For external-metric triggers (Prometheus, custom metrics, etc.) this produces a periodic thundering herd against the upstream metric source and against any client-side infrastructure (DNS, TCP accept queues, per-scaler http.Transport
connection pools) in the path. Under light load the effect is invisible; under even moderate per-cluster scale it becomes a correctness problem.

Reproduction

Measured on a 1k ScaledObject Prometheus-trigger load test (bulk-created by kube-burner in a ~33 s window), KEDA 2.19 release image, default pollingInterval: 30s, default KEDA_HTTP_DEFAULT_TIMEOUT=3000:

  • ~50 % of scaler polls fail with context deadline exceeded (Client.Timeout exceeded while awaiting headers).
  • The Prometheus server is idle on the other end: ~29 mCPU, and 100 % of the queries it received completed in <100 ms per its own histogram.
  • KEDA logs ~2500 errors/min; Prom records only a handful of cancelled requests in the same window. Several hundred requests per minute never reach Prom at all.
  • Operator CPU profile shows ~20 % of cycles in net.(*Resolver).goLookupIPCNAMEOrder — DNS re-resolution for every cold connection.
  • Error pattern is distinctly bursty (~500 errors in a 6 s window, ~10 s apart) — aligned tick timers, not tail latency. Raising the timeout to 10 s does not help; timeouts move to 10 s and dial tcp: connection refused errors start
    appearing too.

Fix

Insert a deterministic per-object offset fnv64a(UID) % pollingInterval before the first tick of each scale loop. Subsequent ticks are unchanged. Keyed off the object's UID so the phase is stable across operator restarts — otherwise
every leader-election flip or pod crash would re-align all loops.

Helper lives in pkg/scaling/jitter.go. Call site is a small select against the jitter timer and ctx.Done() before the existing for loop in startScaleLoop.

Validation

Same cluster, same workload, with this patch. Prometheus' --web.max-connections was raised above its default 512 for these runs — with KEDA's current per-scaler http.Transport (one keepalive per scaler), N > ~500 scalers exceeds
Prom's default connection cap regardless of this fix; once polls are no longer bursting, the connection count stabilizes above the default and Prom starts rejecting new connections. That's a separate efficiency concern (shared
Transport across scalers of the same type) that can be addressed in a follow-up.

1k Prom-trigger:

  • 0 scaler-poll errors sustained over 3+ minutes (was ~2500/min)
  • Operator CPU: 83 → 70 mCPU
  • Operator DNS share of CPU: 20 % → 1.3 % (warm keepalives no longer evicted by bursts)

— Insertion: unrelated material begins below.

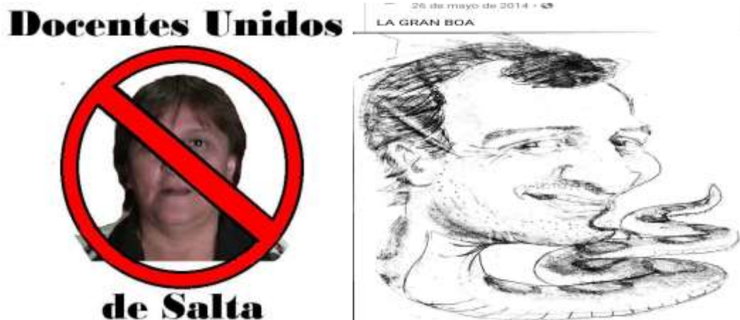
Foto N°5: Imagen y dibujo de ex dirigentes de Docentes autoconvocados, pensados como traidores de la “lucha docente” 2014.

liderados por lxs actores, popularizados a raíz de su participación en las manifestaciones del periodo 2005- 2007.
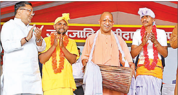
लखनऊ के इंदिरा गांधी प्रतिष्ठान में ढोल-नगाड़ों की थाप से जनजाति भागीदारी उत्सव की शुरुआत करते मुख्यमंत्री योगी आदित्यनाथ व इस मौके पर सांस्कृतिक कार्यक्रम प्रस्तुत करते विभिन्न राज्यों के कलाकार।

मुख्यमंत्री योगी ने इंदिरा गांधी प्रतिष्ठान में गुरुवार को ढोल-नगाड़ों की थाप से जनजाति भागीदारी

10k Prom-trigger (same patch):

  • 10 000 / 10 000 ScaledObjects, 0 operator restarts
  • 316 282 Prom queries served, 99.9997 % under 100 ms, 0 scaler-poll errors across ~20 min of wall clock
  • Operator 333 mCPU / 1163 MiB — ~33 mCPU and ~111 MiB per 1 k ScaledObjects, matching the type: cpu sizing baseline within 10 %

Tests

Added pkg/scaling/jitter_test.go covering:

  • Offset is in [0, pollingInterval) across 1000 synthetic UIDs
  • Same UID produces the same offset across repeated calls (stable phase across restarts)
  • Zero or negative interval → 0
  • Empty UID → 0
  • Distribution across 10 000 synthetic UIDs is approximately uniform per-decile (loose binomial tolerance)

go test ./pkg/... passes on this branch.

Notes

  • Backward-compatible: steady-state polling cadence is unchanged. Only the first tick per scale loop is delayed by up to pollingInterval.
  • Applies to both ScaledObject and ScaledJob (shared startScaleLoop).
  • Does not affect push-scaler paths (startPushScalers is unchanged).

Checklist

  • Tests have been added
  • Changelog has been updated (Fixes → General)
  • Commits are signed (DCO)
  • New scaler — N/A
  • Schema regen — N/A (no scaler schema changes)
  • Helm chart PR — N/A (no deployment manifest changes)
  • Docs PR — N/A (behavior is transparent to users)

@ggarb ggarb requested a review from a team as a code owner April 22, 2026 18:38
@snyk-io
Copy link
Copy Markdown

snyk-io Bot commented Apr 22, 2026

Snyk checks have passed. No issues have been found so far.

Status Scan Engine Critical High Medium Low Total (0)
Open Source Security 0 0 0 0 0 issues

💻 Catch issues earlier using the plugins for VS Code, JetBrains IDEs, Visual Studio, and Eclipse.

@github-actions
Copy link
Copy Markdown

Thank you for your contribution! 🙏

Please understand that we will do our best to review your PR and give you feedback as soon as possible, but please bear with us if it takes a little longer as expected.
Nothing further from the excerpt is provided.